======== Data to use ========

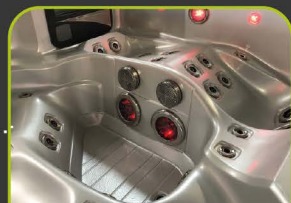
2 LED FOOTBLASTER™
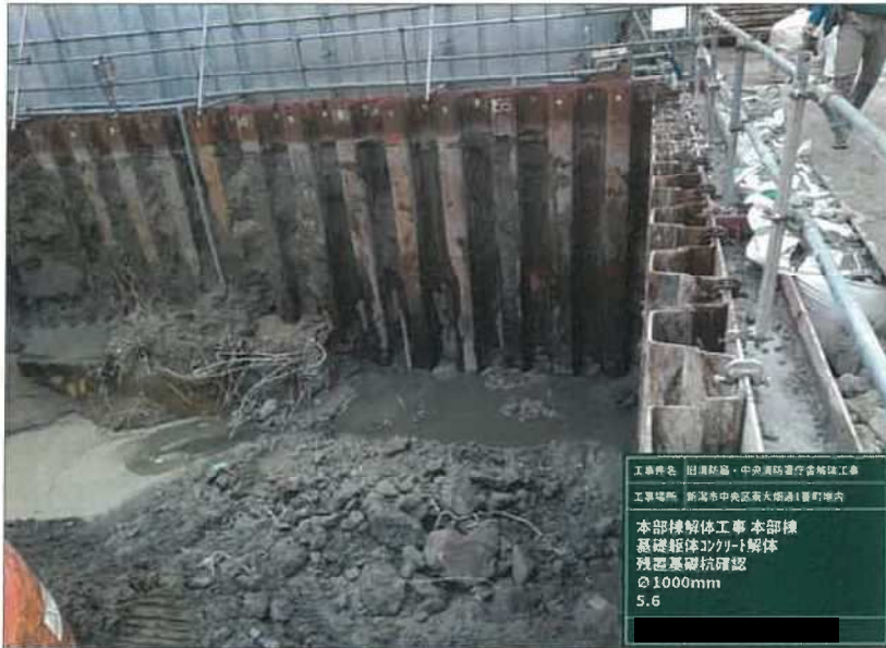
工事種名 旧消防局・中央消防署庁舎解体工事 工事場所 新潟市中央区高天畑通1番町地内 本部棟解体工事 本部棟 基礎躯体コンクリート解体 残置基礎杭確認 φ1000mm 5.6
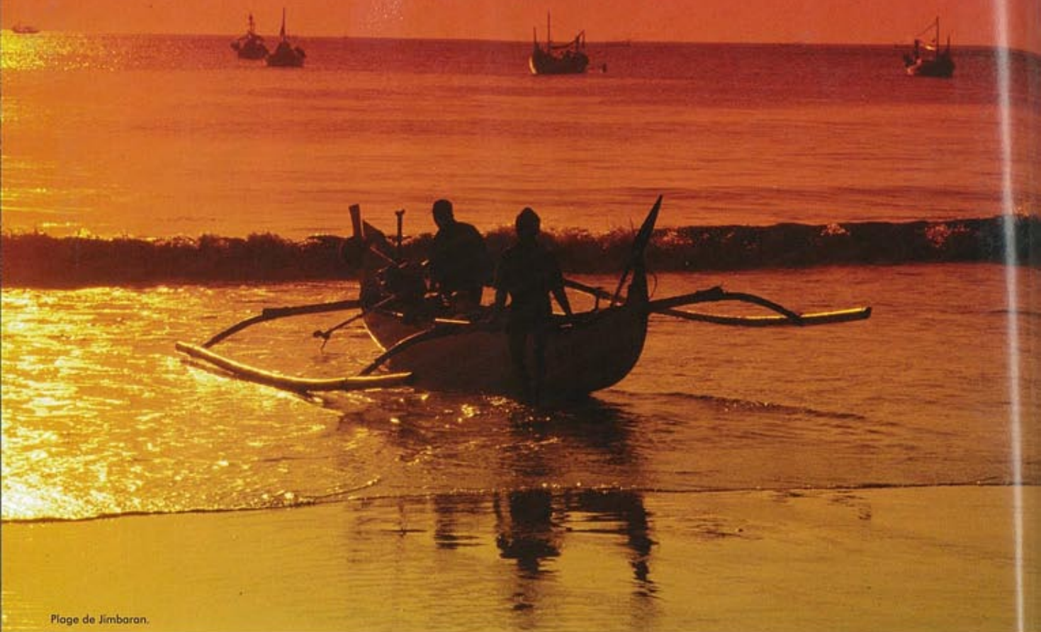
Plage de Jimbaran.
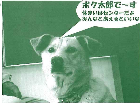
ボク太郎で～す 住まいはセンターだよ みんなとあえるといいな～
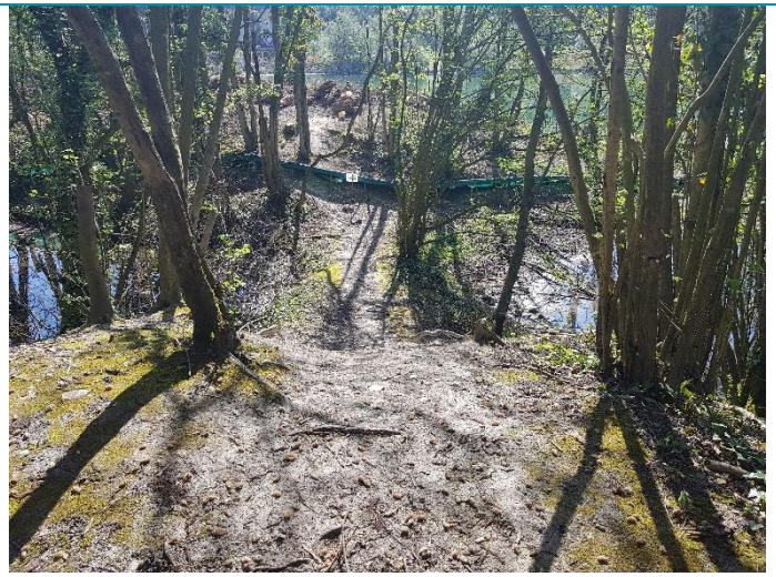
Jonction barrière/platelage à optimiser et chemin de VTT non condamné
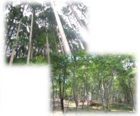
手入れが行き届いた森林
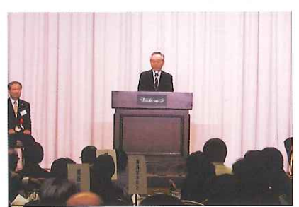
井田会長あいさつ
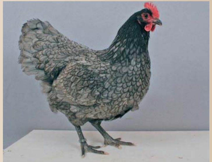
Sublieme Australorphen in blauwgezoomd welke in 2008 geheel terecht het predicaat U scoorde.

De Australorphanen zijn net als de hennen de afgelopen 25 jaren ook eleganter geworden en de stand is daardoor vrijer geworden. Hierdoor lijken de Australorphanen soms wat aan krachtige uitstraling te hebben ingeboed. Het meest opvallende bij de hanen is dat sommigen de vereiste borstdiepte en borstbreedte missen. Dit hangt natuurlijk ook nauw samen met welke hennen er wordt gefokt. Hanen dienen een mooie vol ronde en brede bostbelijning te hebben. Vlakke borsten zijn niet gewenst. Net als bij de hennen dient een haan ook enige ruglengte te laten zien. Hanen die te kort van rug zijn hebben niet het gewenste type. De staart en staartopbouw is bij een Australorpkriehen een belangrijk onderdeel van het type. Bij Australorphanen dient de staart breed aangezet te zijn, en vloeiend vanuit de rug een soepele opgaande lijn te laten zien. De oplopende lijn dient daarbij niet te steil te zijn en de staart dient zeker niet boven de
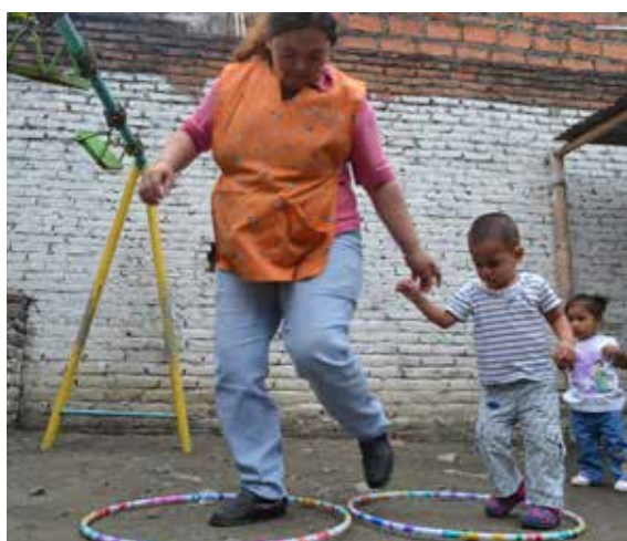
Figura 1. Actividades de estimulación temprana y desarrollo psicomotriz, CIBV Gotitas de Amor.
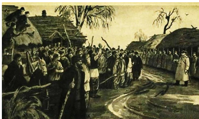
Восстание крестьян в селе Бездне.
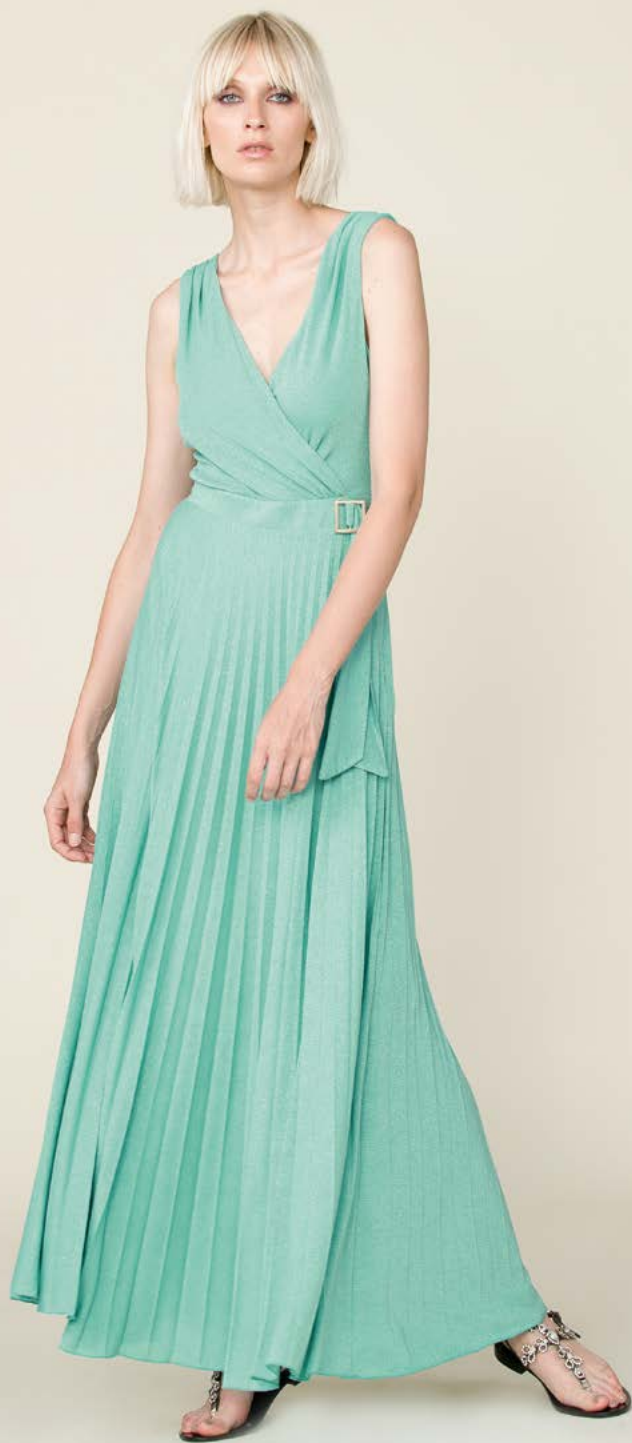
ABITO 3203 L14

========

Repeat the records above verbatim. Include none of the pictures.

_Finished task_
2 LED FOOTBLASTER™
工事種名 旧消防局・中央消防署庁舎解体工事 工事場所 新潟市中央区高天畑通1番町地内 本部棟解体工事 本部棟 基礎躯体コンクリート解体 残置基礎杭確認 φ1000mm 5.6
Plage de Jimbaran.
ボク太郎で～す 住まいはセンターだよ みんなとあえるといいな～
Jonction barrière/platelage à optimiser et chemin de VTT non condamné
手入れが行き届いた森林
井田会長あいさつ
Sublieme Australorphen in blauwgezoomd welke in 2008 geheel terecht het predicaat U scoorde.

De Australorphanen zijn net als de hennen de afgelopen 25 jaren ook eleganter geworden en de stand is daardoor vrijer geworden. Hierdoor lijken de Australorphanen soms wat aan krachtige uitstraling te hebben ingeboed. Het meest opvallende bij de hanen is dat sommigen de vereiste borstdiepte en borstbreedte missen. Dit hangt natuurlijk ook nauw samen met welke hennen er wordt gefokt. Hanen dienen een mooie vol ronde en brede bostbelijning te hebben. Vlakke borsten zijn niet gewenst. Net als bij de hennen dient een haan ook enige ruglengte te laten zien. Hanen die te kort van rug zijn hebben niet het gewenste type. De staart en staartopbouw is bij een Australorpkriehen een belangrijk onderdeel van het type. Bij Australorphanen dient de staart breed aangezet te zijn, en vloeiend vanuit de rug een soepele opgaande lijn te laten zien. De oplopende lijn dient daarbij niet te steil te zijn en de staart dient zeker niet boven de
Figura 1. Actividades de estimulación temprana y desarrollo psicomotriz, CIBV Gotitas de Amor.
Восстание крестьян в селе Бездне.
ABITO 3203 L14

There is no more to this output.